Lastly, for avgas again, tier1 emission factor values for PAH emissions have been adapted to the data provided in the 2016 EMEP Guideboook for exhaust emissions from road vehicles (July 2017 version, page 23, Table 3.9: Tier 1 emission factors for B(b)F and B(a)P):
Table 9: Revised tier1 PAHs emission-factor values for aviation gasoline, in [mg/TJ]B[a]P | B[b]F | B[k]F | I[…]P | PAH 1-4 | |
Submission 2018 | 126 | 182 | 90 | 205 | 602 |
---|---|---|---|---|---|
Submission 2017 | 919 | 919 | 90 | 205 | 2,133 |
absolute change | -793 | -738 | 0 | 0 | -1,530 |
relative change | -86% | -80% | 0% | 0% | -72% |
For specific information on recalculated emssion estimates reported for Base Year and 2015, please see the pollutant specific recalculation tables following chapter 8.1 - Recalculations.
FAQs
Why are emissions from aviation gasoline reported using a Tier 1 approach whereas for jet kerosene Tier 2a has been applied?
For reporting emissions from the cosumption of jet kerosene, the party uses an annual split factor provided by Eurocontrol to devide the total amount of kerosene used (from Energy Balances & Official oil data for the Federal Republic of Germany) onto national and international civil aviation. For aviation gasoline, such split factor does not exist. - Furthermore, the deviation of kerosene used onto flight stages LTO and Cruise has been carried out using data on numbers of take-offs from German airports provided by the German Federal Statistical Office. At the moment, such data is not available for aircraft using aviation gasoline.

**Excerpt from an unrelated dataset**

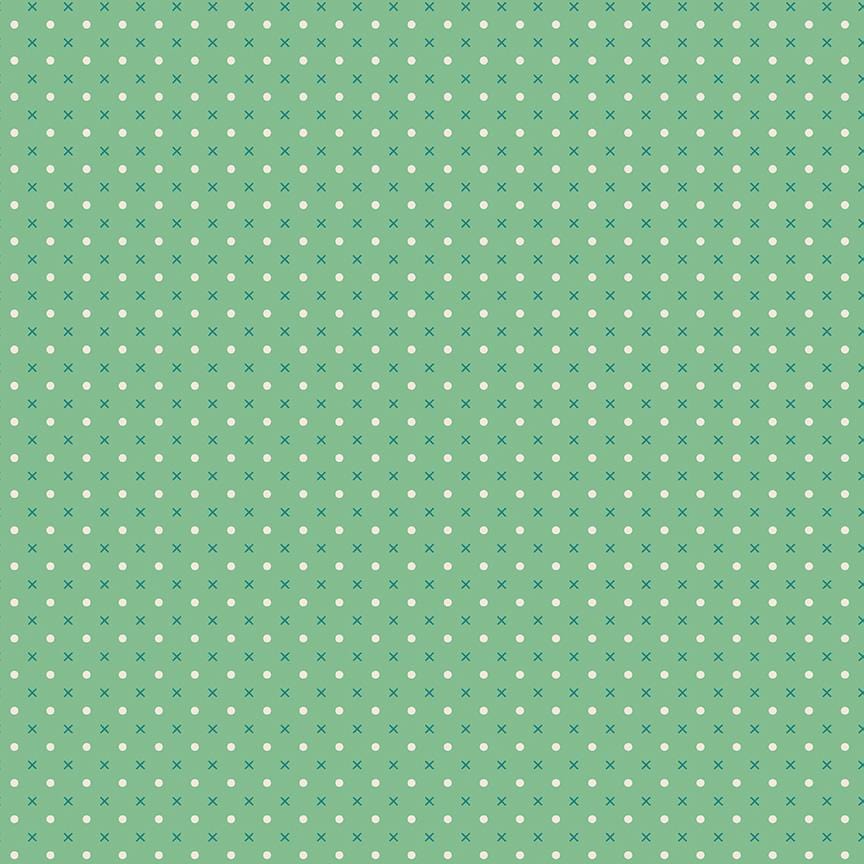 Dot, dot, stitch, stitch, oh-what fun this is! Bee Dots by Lori Holt of Bee In My Bonnet for Riley Blake Designs is a celebration of the fashionable and iconic print we all adore. Lori rejuvenates the dot in her classic and vintage style. From florals with dots to dots on dots and available in colors like berry, pumpkin, marigold, basil, and sea glass. This new basic will inspire and delight oh-sew cute quilts and projects for your home. Each print is named after Lori's vintage relatives on her fathers's side of the family. This geometric print features an array of x's and dots on green. 100% Cotton, 44" Wide.
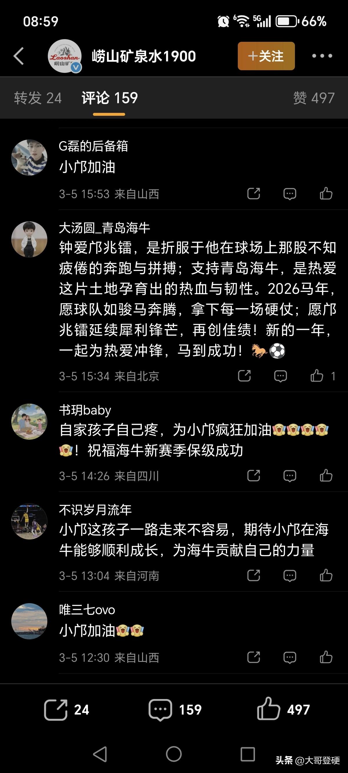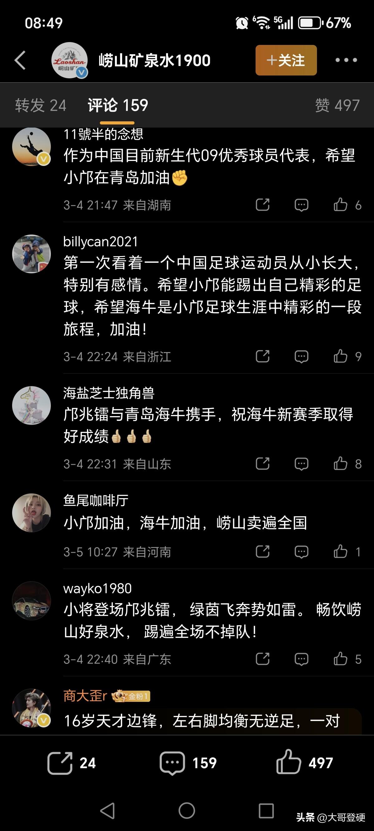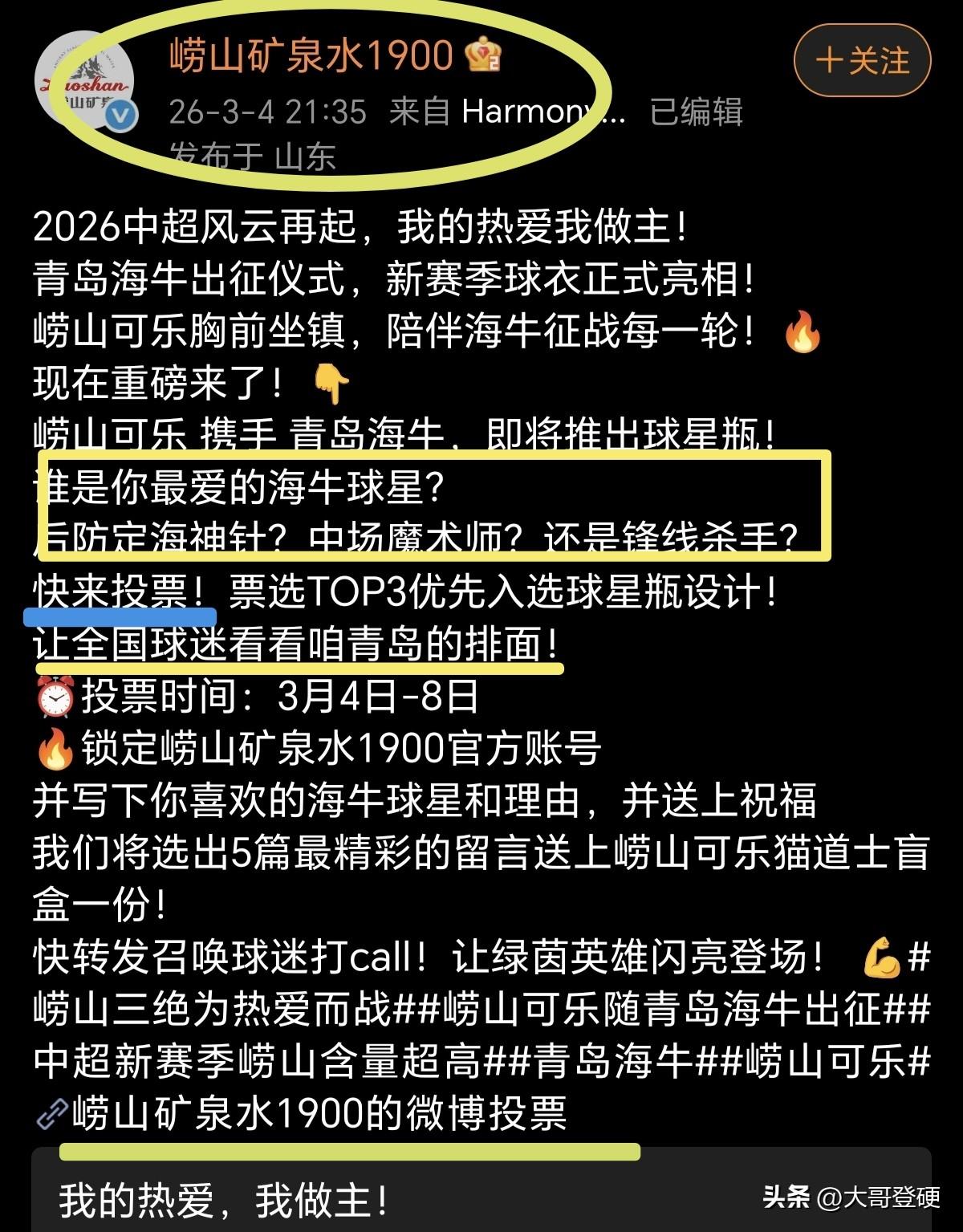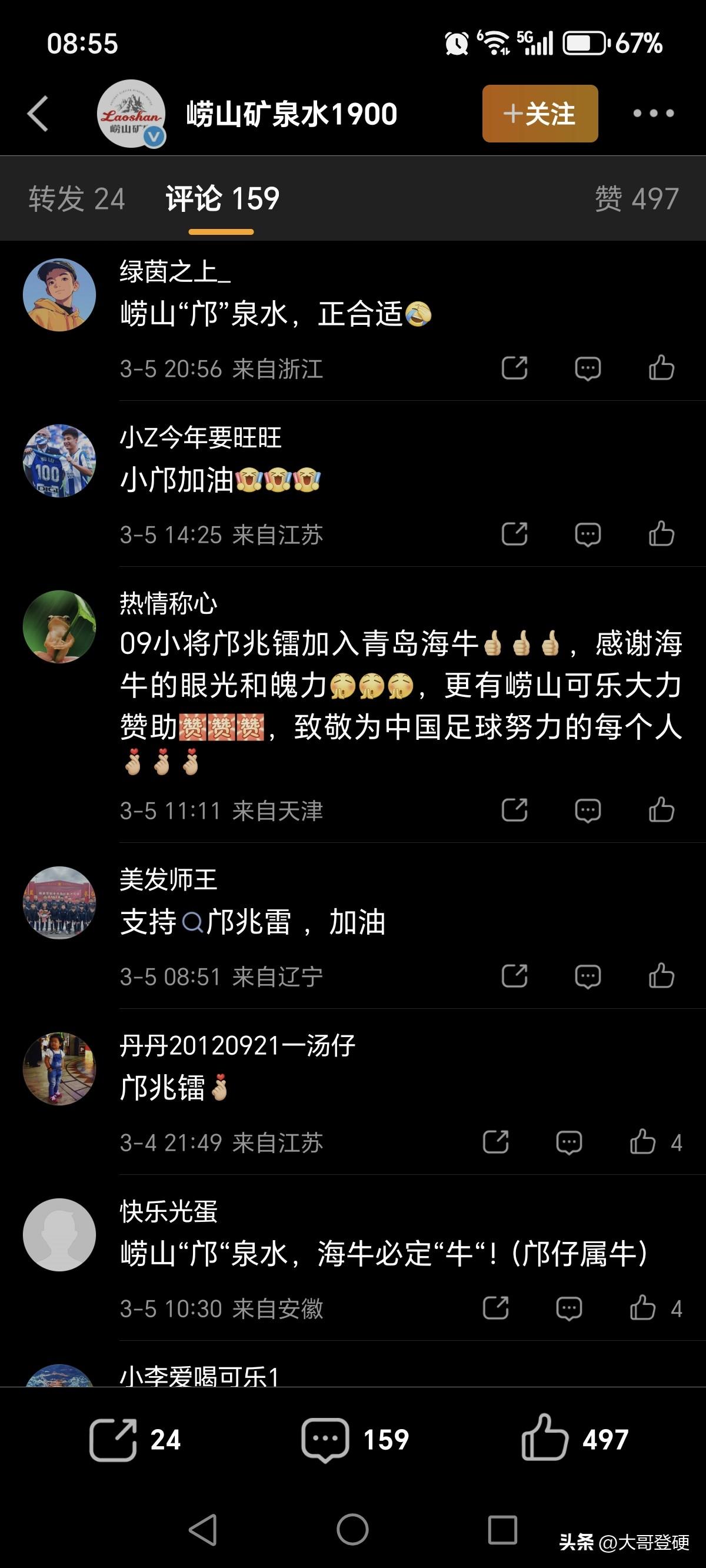 服不服?!足球小将邝兆镭的粉丝,直接“攻陷”了崂山矿泉水的社媒评论区[震惊] 近日,中超青岛海牛队的胸前广告赞助商崂山可乐,在其官方社媒上搞了一个投票,崂山可乐携手青岛海牛,即将推出球星瓶!选出三名谁是你最爱的海牛球星,优先入选球星瓶设计,让全国球迷看看咱青岛的排面…… 出乎意料的是!足球小将和邝兆镭的粉丝,以迅雷不及掩耳盗铃的势头,直接“攻陷”了崂山矿泉水此次活动的评论区[泪奔] 图三、图四、图五这三个短评很经典!感觉一下子就把调子定好了[恐惧] 客观而言,估计这个青岛海牛队胸前赞助商也没想到,人家一个好端端的投票活动,硬生生弄出这样一群乌泱乌泱的[晕] 不得不说,看来不止是邝兆镭可能会降维打击中超。隐隐约约有一种感觉,足球小将的粉丝们,也已经被放出来,可能要降维打击中超了[发怒]

On which basis does the party estimate the reported lead emissions from aviation gasoline?
assumption by party: aviation gasoline = AvGas 100 LL
(AvGas 100 LL is the predominant sort of aviation gasoline in Western Europe)
lead content of AvGas 100 LL: 0.56 g lead/liter (as tetra ethyl lead)
2007 EMEP Corinair Guidebook:
Lead is added to aviation gasoline to increase the octane number. The lead content is higher than in leaded car gasoline,…
The applied procedure is similar to the one used for calculating lead emissions from leaded gasoline used in road transport. (There, in contrast to aviation gasoline, the lead content constantly declined resulting in a ban of leaded gasoline in 1997.)
On which basis does the party estimate the reported TSP emissions from aviation gasoline?
The TSP emissions calculated depend directly on the reported lead emissions: The emission factor for TSP is 1.6 times the emission factor used for lead: EF(TSP) = 1.6 x EF(Pb).
The applied procedure is similar to the one used for calculating TSP emissions from leaded gasoline used in road transport.